## SOURCE DATA:
= Beginning of Section =

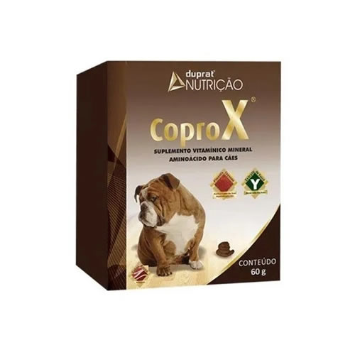 O Suplemento Vitamínico Duprat Coprox para Cães contém em sua fórmula componentes que tornam as fezes não palatáveis e menos atrativas, inibindo sua ingestão, além de reduzir o stress. É indicado em todas as fases da vida. Modo de Usar: Oferecer ao animal diretamente na boca ou misturado ao alimento 2 gramas/10 Kg de peso vivo, duas vezes ao dia ou segundo critério do médico veterinário. Dose da Colher: Uma medida corresponde 0 2g. Modo de Conservação: Conservar na embalagem original, fechado, em lugar seco e fresco com temperatura entre 15 ºC e 30 ºC , ao abrigo da Luz solar e fora do alcance de crianças. Especificações Indicação Cachorros  Raças Pequenas, Raças Médias, Raças Grandes Idade Filhotes, Adultos, Idosos Composição Extrato de Salsinha Moída, Extrato de Yucca, Extrato de Pimenta, Extrato de Alcaçus, Triptofano, Acido Glutâmico, Vitamina B1 , Amilase .Marca Duprat
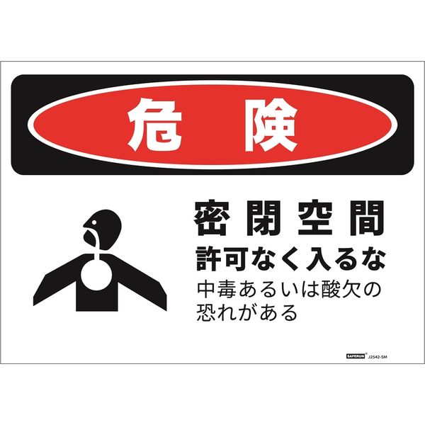 セーフラン安全用品 危険標識ステッカー 密閉空間 254x356mm 表面ラミ加工 J2542-SM 1枚(直送品)
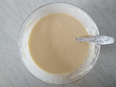 Влейте 200 мл кефира комнатной температуры и снова перемешайте до однородности.
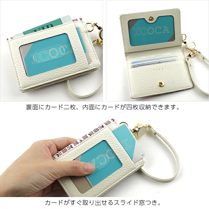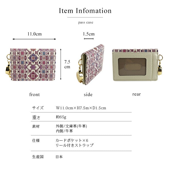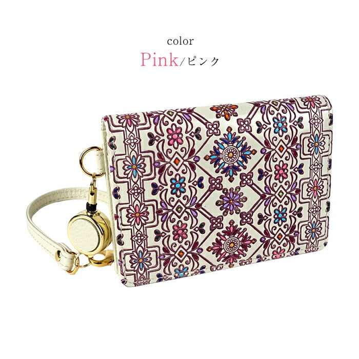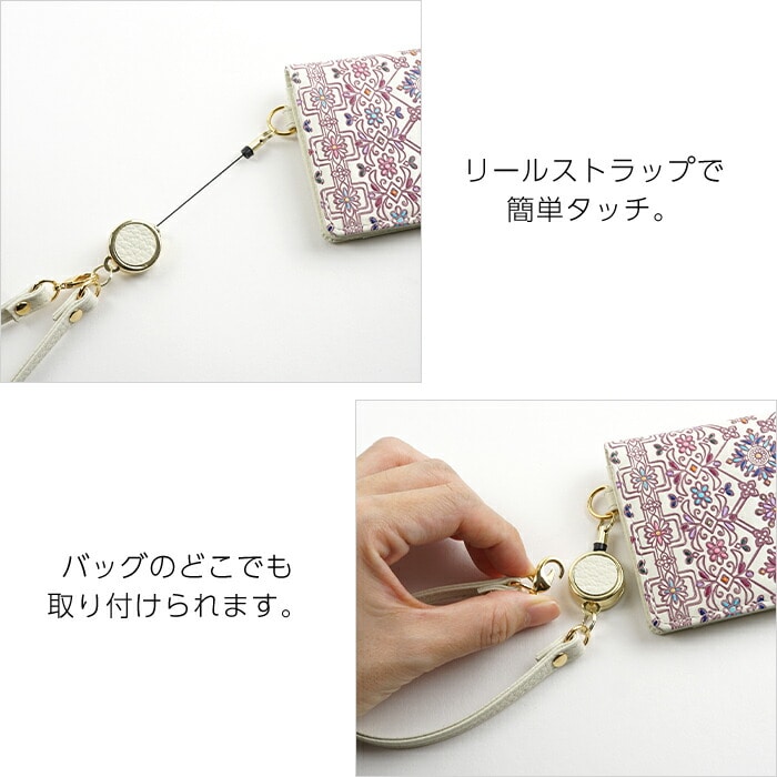 リール付きストラップがついているので通勤、通学にとても便利なパスケースです。

= End of Section =

## WHAT YOU SHOULD DO:
Print the lines from the one that contains "セーフラン安全用品 危険標識ステッカー 密閉空間" through the last line of the data, exactly and in full, and no other lines. Pictures are not part of the copy.

## RESPONSE:
 セーフラン安全用品 危険標識ステッカー 密閉空間 254x356mm 表面ラミ加工 J2542-SM 1枚(直送品)
 Влейте 200 мл кефира комнатной температуры и снова перемешайте до однородности.
 リール付きストラップがついているので通勤、通学にとても便利なパスケースです。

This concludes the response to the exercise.